Oh yes it is, though, _Common_ LISP does provide imperative structures. But Common LISP is just a big cludge. It's not even a one-cell-LISP.
--The knowledge that you are an idiot, is what distinguishes you from one.
I have programmed in programmed in vb, pascal, c, and c++. Of all the languages vb I liked the least. Vb aims to let the coder do worry about the core of there code and mostly forget about the gui.
If I wanted to make a program that my mother will use, then I would most likely use vb at the moment. But vb works on the assumption that the gui is good- because the programmer has no why of debugging that shit. I will admit that for the majority of the stuff seems stable, but I started to find odd memory leaks and other odd stuff towards the end of my vb programming tenure. Given the stuff seems to be compiler bugs but 99% of my programs do not need a gui.
The bottom line is that a lot of "programmers" do not know how or do not want to make there own gui. The vast majority of programs would/do work as text programs. I just think that everyone and there dog can program to some extent and the extent they do not know they look to be automated.
While one can use C for large projects, using even a very restricted subset of C++ is probably a better solution. For example, if the only C++ feature you use is classes, you can design a much cleaner interface between different parts of a large software system.
A lot of people take the "all or nothing" approach to C++, but it wasn't designed to be used that way. Use what you need, and forget about the rest.
TedC
I've found, however, that when people need to get past the basic data goes in, gets stored in DB, or data is collected from equipment, gets stored in file, etc. that VB becomes a truly evil beast. Anything beyond basic operations has been hidden, tucked away, and completely obfuscated that it becomes extremely difficult to use. Add to that the inconsistencies that abound throughout the development environment and interfaces and all of a sudden the rapid development time you started with has blossomed and flowered into a serious long-term project. I've seen logic errors in VB along the lines of:
(a and b are fields from tables in a database object, same type, same properties)
- if a = b then
//always fails, regardless of values, weird error!
replaced in code with:- if b = a then
//code works properly!!!
Bugs like that scare me.

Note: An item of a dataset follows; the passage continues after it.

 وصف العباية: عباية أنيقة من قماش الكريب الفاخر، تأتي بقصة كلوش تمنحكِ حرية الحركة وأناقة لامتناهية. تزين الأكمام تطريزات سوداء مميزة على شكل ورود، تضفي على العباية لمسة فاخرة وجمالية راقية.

It's not something that makes sense. It was working with database objects, and it took me 3 hours to fix it (searching docs and various online sources of info). That was when I realised that you always need to be able to trust the language you are using, and to have some idea of what's going on behind the scenes. VB takes all of that away from you, and you really have no idea of what's happening underneath. I'll take C++ with source code to the class/object interfaces over the VB property sheets and drop lists any day.VB has its plusses, and is really useful for Windows quick projects. Beyond writing calculators and little data entry screens, however, it's more trouble than its worth.
VB is popular because Windows has no bundled development tool available at all. Under *NIX there are a hell of a lot of useful little tools available to develop your own solutions to simple problems. People already familiar with getting around the shell can manage to churn out a script or two if they have to, and most have probably been tempted to toss a few lines of perl together.

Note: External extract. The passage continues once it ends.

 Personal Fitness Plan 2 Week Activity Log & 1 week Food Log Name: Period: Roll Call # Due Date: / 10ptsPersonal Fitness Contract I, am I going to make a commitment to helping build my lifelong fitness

Most Windows users don't have those options. VB really caters to Windows users who need some kind of simple tool to write simple programs. If Windows was supplied with a GUI oriented language of its own, VB wouldn't be successful.
Tec
------------------
got a tiger in my tank. fish very unhappy.
if (blah.equals("bob"))
:)
And if you do:
if ( ("bob").equals(blah) )
instead, you'll save yourself from an unwanted NullPointerException
No, I'm not a full blown programmer (I don't claim to be) and yes, I was a liberal arts major. For the things I wanted to do (CGI programming, primarily, and just learning the basics of programming), PERL was great. It gave me enough familiarity with data structures, control structures, etc., that I've been able to pick up some C and Java on my own. Now that I have some experience programming, I can see why things like working in a strongly typed language and actually knowing what is going on in physical memory are useful.
Before learning PERL I tried learning some Java, but I couldn't wrap my head around issues like why you wouldn't want all your variables to be global, or why all variables is so strongly typed (yeah, I know, stupid liberal arts major). OOP was beyond the scope of my comprehension, and a majority of the books I found on Java assumed you knew C and C++. Now that I have experience working with subroutines and have made mistakes (like not my'ing my local variables), I can see the advantages of these things...
Visual basic? programming?
I have logo. Does that make me an architect?
> Faster languages than C++ (at least, those I'm familiar enough with to say): C, Occam, LISP, FORTH, Fortran, Algol, Smalltalk, Perl.
You may well be familiar with all those langauges, but I doubt you're very
familiar with modern C++.
C is NOT faster than C++.
If you use a bunch of objects inappropriately, then yes, it will
be slower than the pure C version but if you need to achieve the
same level of flexibility and encapsulation and you have a decent
optimizing compiler then the C version will be roughly the same speed.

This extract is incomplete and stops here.